5D solid-state NMR spectroscopy for facilitated resonance assignment

Abstract

¹H-detected solid-state NMR spectroscopy has been becoming increasingly popular for the characterization of protein structure, dynamics, and function. Recently, we showed that higher-dimensionality solid-state NMR spectroscopy can aid resonance assignments in large micro-crystalline protein targets to combat ambiguity (Klein et al., Proc. Natl. Acad. Sci. U.S.A. 2022). However, assignments represent both, a time-limiting factor and one of the major practical disadvantages within solid-state NMR studies compared to other structural-biology techniques from a very general perspective.
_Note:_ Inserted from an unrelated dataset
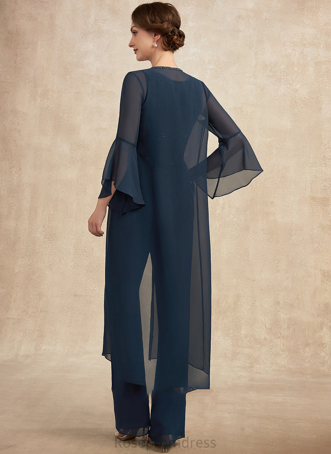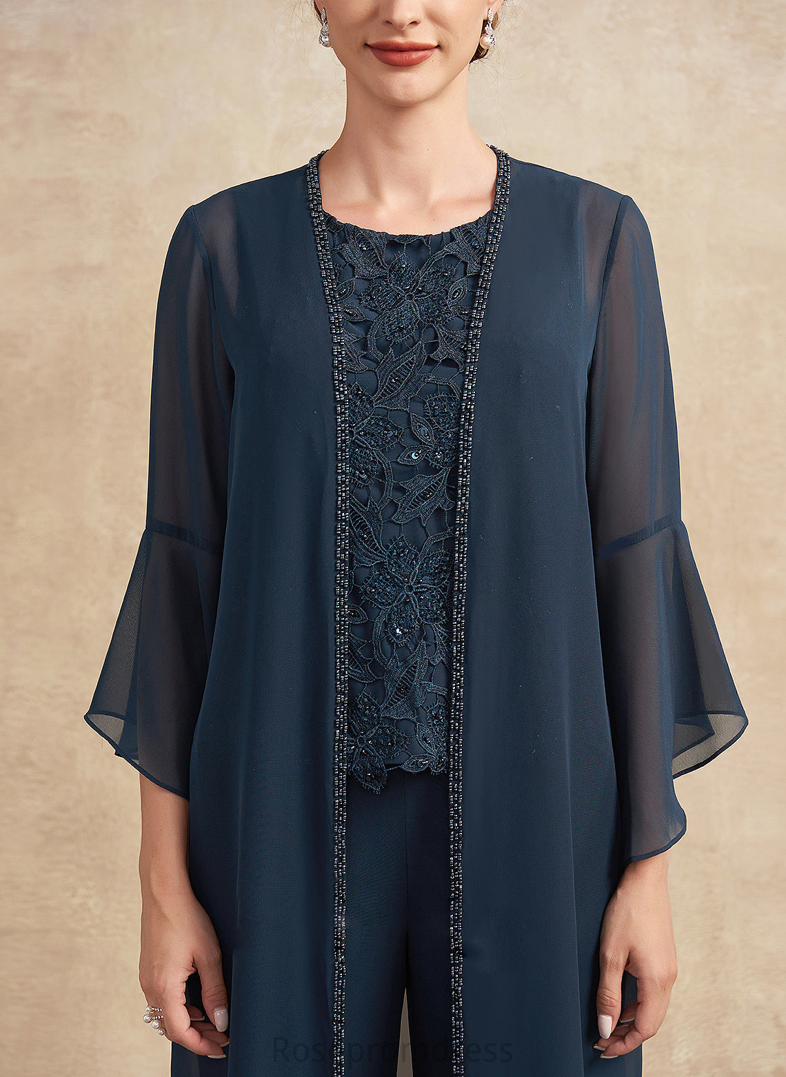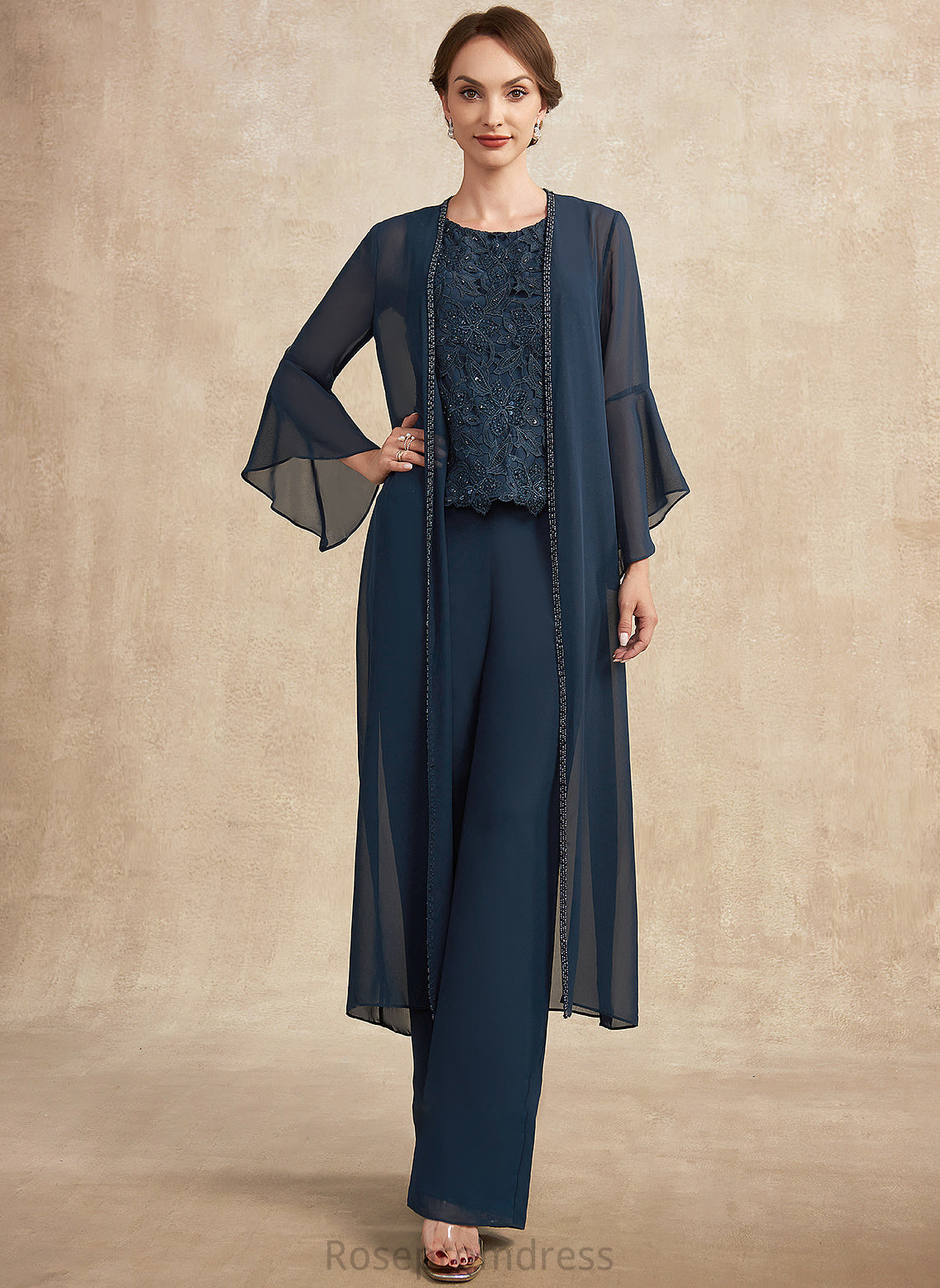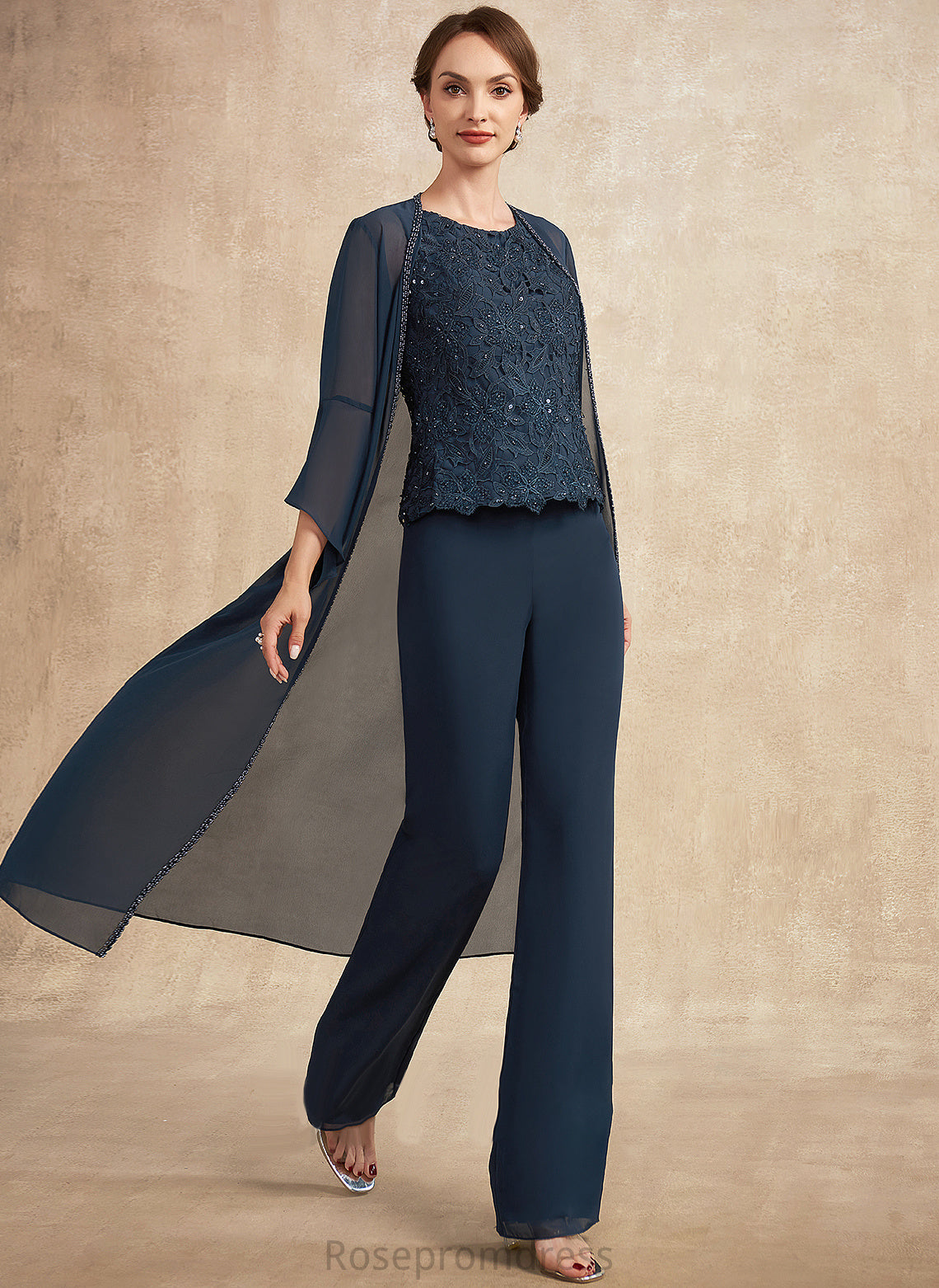 Mother of the Bride Dresses Lace the Jumpsuit/Pantsuit Scoop Mother Neck Bride Chiffon With Floor-Length Beading Bria Sequins of Dress

Here, we show that 5D solid-state NMR spectroscopy is not only justified for high-molecular-weight targets but will also be a realistic and practicable method to streamline resonance assignment in small to medium-sized protein targets, which such methodology might not have been expected to be of advantage for. Using a combination of non-uniform sampling and the signal separating algorithm for spectral reconstruction on a deuterated and proton back-exchanged micro-crystalline protein at fast magic-angle spinning, direct amide-to-amide correlations in five dimensions are obtained with competitive sensitivity compatible with common hardware and measurement time commitments. The self-sufficient backbone walks enable efficient assignment with very high confidence and can be combined with higher-dimensionality sidechain-to-backbone correlations from protonated preparations into minimal sets of experiments to be acquired for simultaneous backbone and sidechain assignment. The strategies present themselves as potent alternatives for efficient assignment compared to the traditional assignment approaches in 3D, avoiding user misassignments derived from ambiguity or loss of overview and facilitating automation. This will ease future access to NMR-based characterization for the typical solid-state NMR targets at fast MAS.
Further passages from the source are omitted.